読売新聞1999年12月5日(日)

 思いは祖国へ 異郷の哀切



東の国へ渡る鳥
久永 強 1993年 41cm×41cm

 思わず首は上に向く。 この感じ、覚えがある。 たとえばビルの谷間から見上げる高層建築。視界は建物に包囲され、その真ん中に小さく空が開く。 同じように空を見上げる作者がいる。高い樹木に囲まれて彼は立っている。 真ん中に空が開く。そこを横切って飛ぶものがある。首が疲れる。彼はほとんど真上を向いている。 この見上げる角度の垂直性、その、直立するひたむきさのなかに、絵の動機はある。 深い空を横切って、鳥が飛ぶ。どこへ?東の国へ。つまり日本へ。祖国へ。 彼の思いは鳥に乗って東へ飛ぶ。日本へ。祖国へ。 哀切な感情が、ひっそりと、深々と刻まれた。大胆な、むしろ素朴きわまりないこの天地自在の構図の動きが、そこにある。

 様式以前の、素朴で直観的な色彩と形態が、そうして過酷なシベリアの日々を描き出していった。 斃死(へいし)した友の身体が凍土に埋められる。乏しい食糧に全員の監視の目が光る。狂って有刺鉄線をよじ登る男がいる。 一連の作品が前年の熊本に続いて東京で公開され、衝撃を与えたのは、敗戦から50年目の夏だった。 作者久永強、本業はカメラ修理業。60歳で油絵を始め、15年たって自らの抑留体験に向きあった。 2年で43点を描き、精根を使い果たして倒れた。体重は20キロ減った。文字通り、身を削ったのだ。 プロの仕事ではない自分の必要から描いた絵が、人を激しく揺り動かす事態がそうして起きた。何なのか。答えは彼の絵の中にあった。
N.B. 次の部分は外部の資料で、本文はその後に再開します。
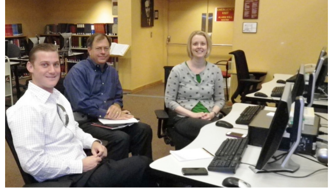
Research Center Consultation Room in Penrose@Driscoll

The Research Center has been offering students, faculty, and staff expert guidance through the research process since 2008. At the Research Center, quick questions received in person, or by phone, email, chat, or text, are answered at the desk while more complex questions are answered in one-hour consultations by subject-specialist reference librarians.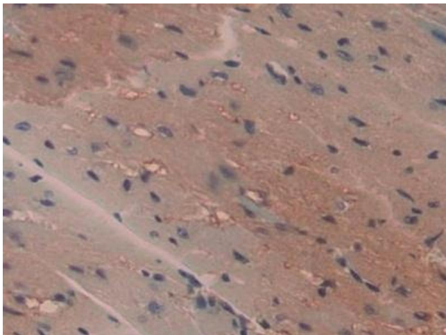
Image 3. Detection of CYPB in Mouse Heart Tissue using Polyclonal Antibody to Cyclophilin B (CYPB)

Image 2. Detection of Recombinant CYPB, Mouse using Polyclonal Antibody to Cyclophilin B (CYPB)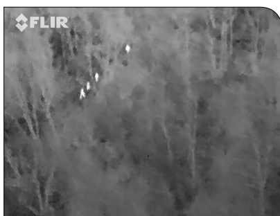
Find lost hikers or accident victims night and day.

Two kits are available so you'll be sure you to have the capability you need, when you need it.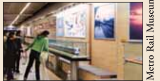
Metro Rail Museum

The museum show cases the history growth, development and technical features of the Delhi metro rail project. The museum entry is by token costing Rs. 6 per person.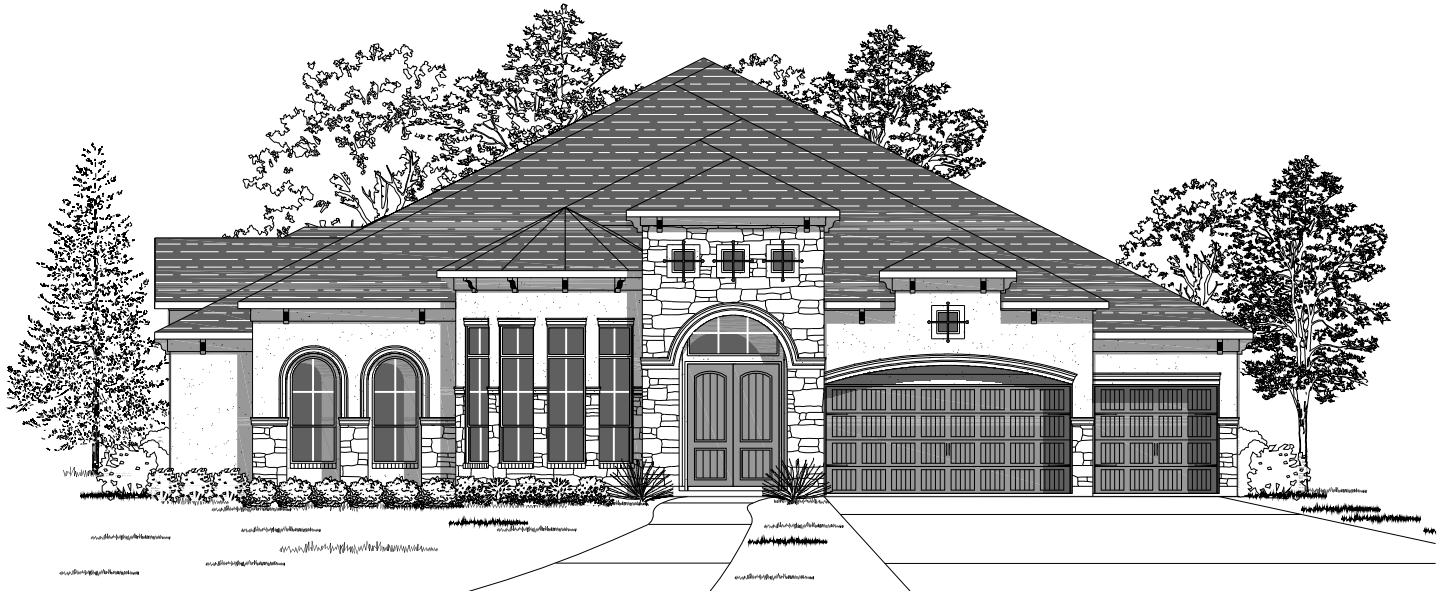
Design 4019S E-2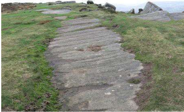
RIPPLE MARKS – A SEDIMENTARY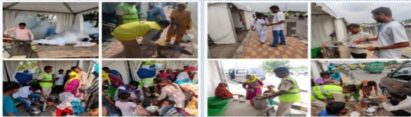
Vignettes from the programme organized by DLSA, Central District, Delhi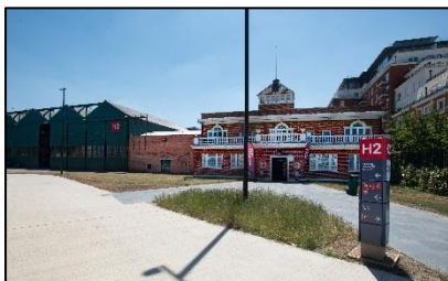
Hangar 2 (H2)

Hangar 2 houses our First World War collections and tells the story of the men and women who brought aviation to the fore. There are interactives that you can try and stunning audio-visual displays with sound effects and narrative. You can view much of the exhibition from the balcony on the upper level.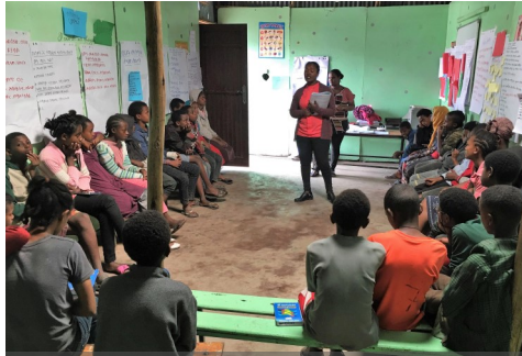
88 Students Attend 3 Day Life Skills training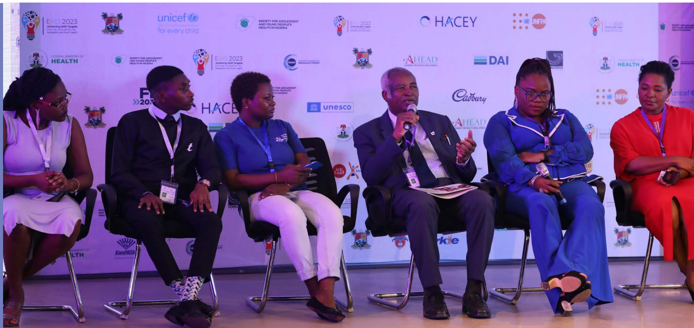
A cross-section of panelist at the conferece on Adolescent and Youth Health and Development

UN sister agencies composed of UNFPA, UNICEF and UNESCO have called for urgent youth investments and nurturing of the youth demographic via the provision of economic, social and health benefits that guarantee they have ample opportunities to attain their optimal potentials and contribute to the development of society.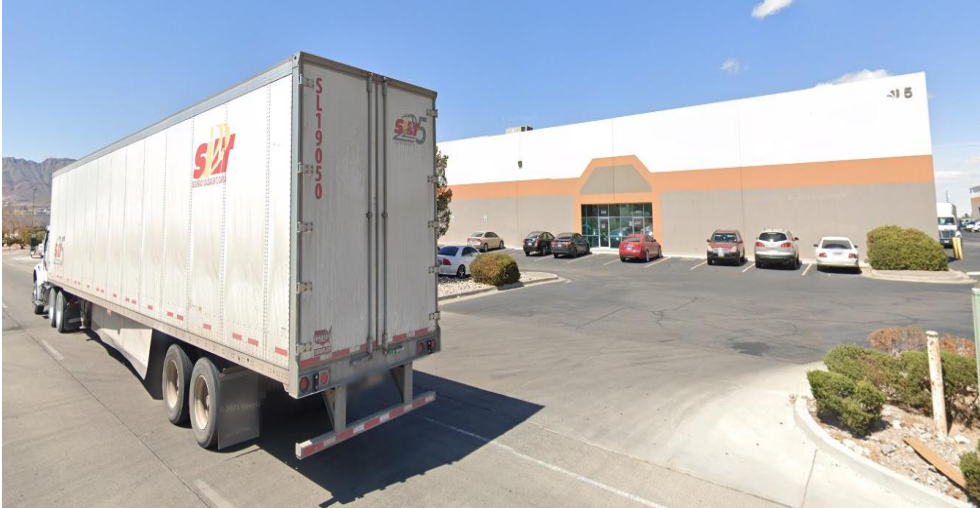
5 founders Blvd. ELP 79906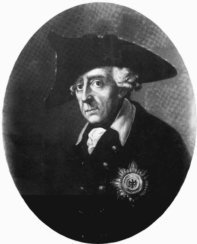
Frederick II or Frederick the Great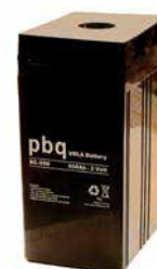
pbq SC-500, 2Volt - 500Ah with cover installed.

  「渡り鳥見てると、とんでもないことを考えるんですよ。全部の鳥にヒモつけて束ねたら日本まで一緒に飛んで行けるんじゃないか、なんてことを、大真面目にね。そういう鳥をロシアの連中はバンバン撃つ。撃つな、バカヤロー、と怒鳴るんです。連中は、日本語わかりませんからね。絵を始めたときから抑えに抑えていたものが、一気に噴き出したように作品はわいて出てきた。一度に3枚並べて描いたこともある。異郷に死んだ友の無念が、背中を押したんですかね。でも結局、戦争ってのは殺しあいなんですよ。もうこんな愚かなことはやめよう、これからは、という思いにむしろ引っぱられたんだと思う。これだけは自分としてどうしても言い残しておきたい、ということですね。この(画面下の)1本だけ高い木ですか?自分ですよ」

  大連で時計の技術者として自立していた時、応召。昭和20年秋、シベリアに連行され、バム鉄道建設の強制労働に従事させられた。 収容所の現場監督は残忍な男だった。「私自身は幼いころから、たたかれ、けとばされ、ずっと耐えてきた。だからどんな状況でも歯をくいしばることができるんです」 それにしても−−−と彼は考える。人間はなぜあそこまで残忍になれるのか。人間とは信頼に価するものなのか。 だが、最悪の環境下にも友がいた。飢えと疲労の極限で、他人を気づかうことのできる日本人がいた。 久永強の絵では、生の極限のかたちが、あるおかしみの感覚と表裏になっている。希望を失わず正気で生きた男が獲得したまなざしの深さがそこにある。 結局、彼は生への愛惜を描いた。一つの魂の救済の過程を、描ききったのである。